Screenshots are only saved if the output has changed. By default, the bytes of the screenshot have to match the previous one exactly in order to not be saved, though we could make it have some amount of tolerance.

In addition to screenshots, an event log event_log.csv is written out in csv format, and looks like:

time,event,index,screenshot
2024-11-06T23:47:10.156918,execute-input,0,output-2024-11-06T23:46:59.265044/input-000-2024-11-06T23:47:10.156918.png
2024-11-06T23:47:10.938298,output-changed,201,output-2024-11-06T23:46:59.265044/output-201-2024-11-06T23:47:10.938298.png
2024-11-06T23:47:11.456103,output-changed,201,output-2024-11-06T23:46:59.265044/output-201-2024-11-06T23:47:11.456103.png
2024-11-06T23:47:20.848153,execute-input,1,output-2024-11-06T23:46:59.265044/input-001-2024-11-06T23:47:20.848153.png
2024-11-06T23:47:22.643143,output-changed,201,output-2024-11-06T23:46:59.265044/output-201-2024-11-06T23:47:22.643143.png
2024-11-06T23:47:31.346982,execute-input,2,output-2024-11-06T23:46:59.265044/input-002-2024-11-06T23:47:31.346982.png
2024-11-06T23:47:41.713318,execute-input,3,output-2024-11-06T23:46:59.265044/input-003-2024-11-06T23:47:41.713318.png
2024-11-06T23:47:42.525010,output-changed,201,output-2024-11-06T23:46:59.265044/output-201-2024-11-06T23:47:42.525010.png
2024-11-06T23:47:42.973950,output-changed,201,output-2024-11-06T23:46:59.265044/output-201-2024-11-06T23:47:42.973950.png

This shows when each input was executed, as well as any associated screenshot. The index column gives the index of the input cell in the notebook for the execute-input events, though note that this may not always line up with Jupyter's numbering, so to avoid any confusion, a matching screenshot of the input cell is taken. For output-changed events, the index is that given by the border color as described above.

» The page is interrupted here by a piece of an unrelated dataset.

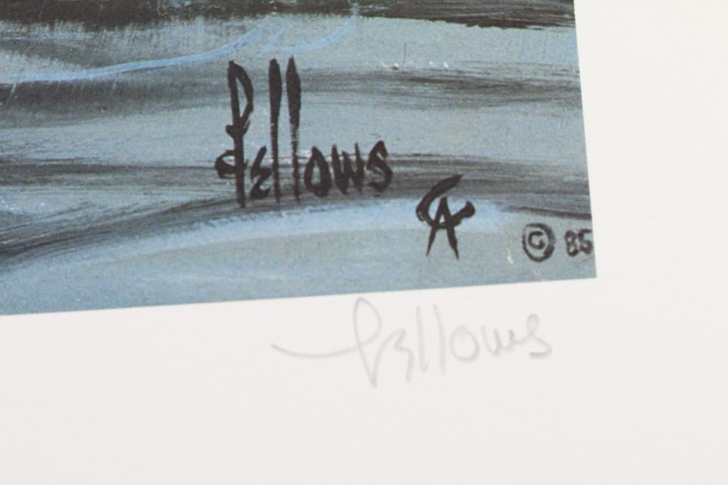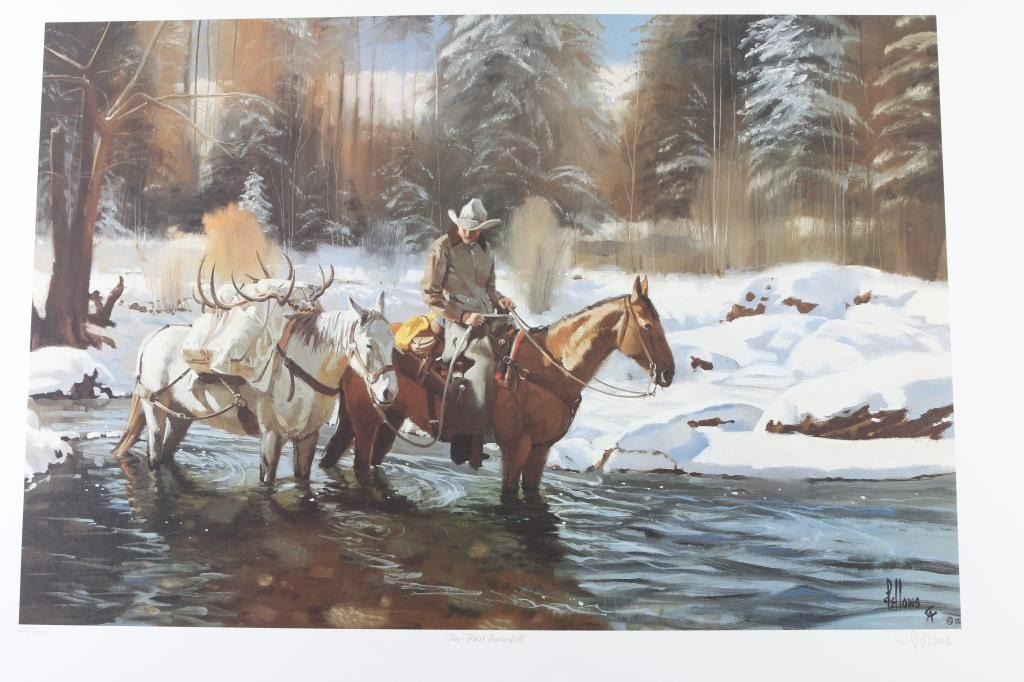By "Fred Fellows" entitled "First Snow Fall", hand signed lower right handed corner, limited edition, 625/1000. Unframed, measures 32x20", in good condition in sleeve.

We now look at how to set the frame color and trigger the recording. In order to start recording a cell output, the top level of that cell output has to be an ipywidget object. The .layout on that object can then be set to add a border color. For example, if using glue-jupyter, one can do:

scatter = app.scatter2d()
scatter.layout.layout.border = '2px solid rgb(143, 56, 3)'

and if using jdaviz:

imviz.app.layout.border = '2px solid rgb(143, 56, 3)'

To stop recording output for a given cell, you can set the border attribute to ''.

Settings

Headless

To run in headless mode, include --headless

Time between cell executions

Since the monitoring script has no way of knowing when a cell has finished fully executing, including any UI updates which might happen after the Python code has finished running, we use a simpler approach - we execute each cell a fixed time after the previous one. This is 10s by default but can be customized with --wait-after-execute=20 for example. You should set this value so that the cell that takes the longest to fully execute will be expected to take less than this time.

Generating a report

You can generate a copy of the input notebook with output screenshots and profiling results inserted by using e.g.:

jupyter-output-monitor report --notebook mynotebook.ipynb --results-dir=output

Where --results-dir is the output directory generated with the monitor command. BY default, this will write a report.ipynb notebook, but you can overwrite the filename with --output-report-name.